Once a month, we’ll be soliciting your beer questions on Facebook for a member of our talented brewing team to answer on the Brooklyn Bloggery. This month, it’s Head Cellarman & avid safety-goggle-wearer Rob Lemery.
I love Brooklyn Brewery Local 1. Is there a clone recipe I can use for homebrewing? – Kjetil R, Norway
First… thank you! Second, I can’t provide all of the specifics of the recipe, but I can provide some details. The grist bill is 100% pilsner malt, but we also add demerara and dextrose to boost the Original Gravity to about 18 degrees Plato. The bittering and flavoring hops are German Perle and the aromatic hop addition is a mix of Styrian Golding and Aurora. We use our house Belgian yeast strain to ferment the beer, we bottle condition with champagne yeast, and have a resulting final ABV of 9.0%.
Local 1 is a Belgian Strong Golden Ale, so doing a little research into the beer style (and other similar styles) should help you develop your recipe. Of principal importance will be a long, low saccharification rest; this will give a very fermentable wort. Local 1 is strong, but also very dry – it finishes in the bottle at about 1.7 ° Plato. With all of these things in mind you should be able to get pretty close to a Local 1 clone. If not, then we have plenty available here for you to drink!

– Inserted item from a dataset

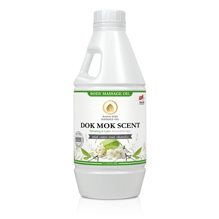 น้ำมันนวดตัววังโพธิ กลิ่นดอกโมก ขนาด 1 ลิตร Wangpho Massage Oil Dok-Mok Scent

Let us know how you do!
What would be a good food pairing for Winter Ale & Sorachi Ace? – David B, New York
Winter Ale is a toughie, great question! I like to pair sweet with sweet, specifically something robust like a dark chocolate anything, or something with spice notes like cinnamon ice cream or pumpkin pie. If you are looking for a meal, I would stick with comfort foods and traditional pub fare like bangers and mash or shepherd’s pie. Both have a nice sweetness to pair with – and a nice earthy spice note to level out – the sweetness of Winter Ale.
For Sorachi Ace I would keep the fare light rather than robust. The lemongrass notes of the Sorachi Ace hop lends itself perfectly to Thai food, especially curries. Or, if you feel so inclined (and trust me, you do), steam your shellfish in Sorachi Ace as a replacement instead of white wine!

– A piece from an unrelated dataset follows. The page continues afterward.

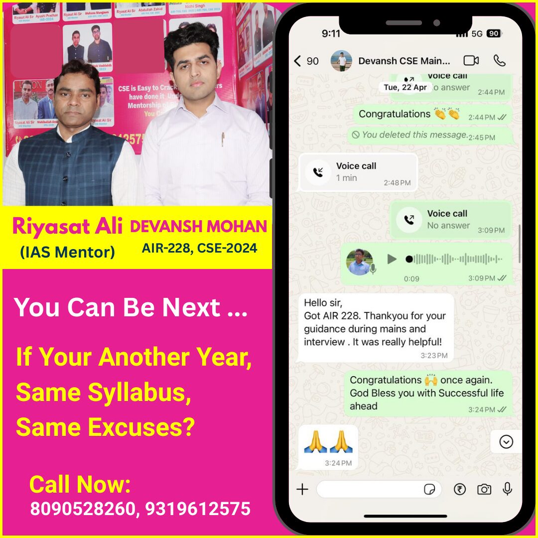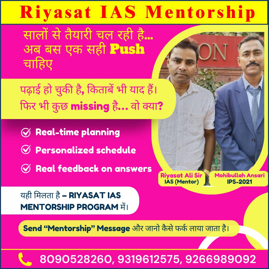 Riyasat Ali Mentorship Program offers structured guidance for serious UPSC aspirants. Designed by Riyasat Sir this program provides personalized strategies, answer-writing improvement, and conceptual clarity to help students achieve top results under expert mentorship.

How long does it take to perfect a recipe? What’s the process of recipe testing like? – Alex B, Pennsylvania
Recipes evolve to account for seasonal changes in environment, brewing processes, and ingredients so they are never quite “perfect”. Getting close is something that can take a couple of weeks to a couple of months. For the “couple of weeks” scenario, it’s typically a beer style we’re familiar with, have made before, and would just like to tweak slightly. We can typically nail it on the first try, and it’s only a weeks-long process because that’s how long it takes to make beer! If we are trying a new style or changing an old recipe drastically, the new recipe can take months to develop. We constantly perform sensory analysis on the beer to discover if the flavors and aromas are what we hoped for.
What’s the temperature you usually dry hop at? Does hopping happen during the final fermentation? How long are the hops in contact with the beer? – Eduardo S, Brazil
There is much debate about dry-hopping these days. We’ve taken our combined wealth of knowledge as brewers as well as published materials and decided on 60 degrees Fahrenheit for our dry-hopping. At this temperature, you extract the aromatic oils but don’t leech out too much of the grassy, chlorophyll vegetal aromas that we don’t like. Dry-hopping should occur after fermentation has completed and yeast has been removed. Yeast cell walls will adsorb the aromatic oils from the hops that we want in the beer, so you want most of the yeast gone by the time you add hops. We leave the hops in contact with the beer for 5 days – long enough to get what we’re looking for, but not so long that we start getting those grassy notes.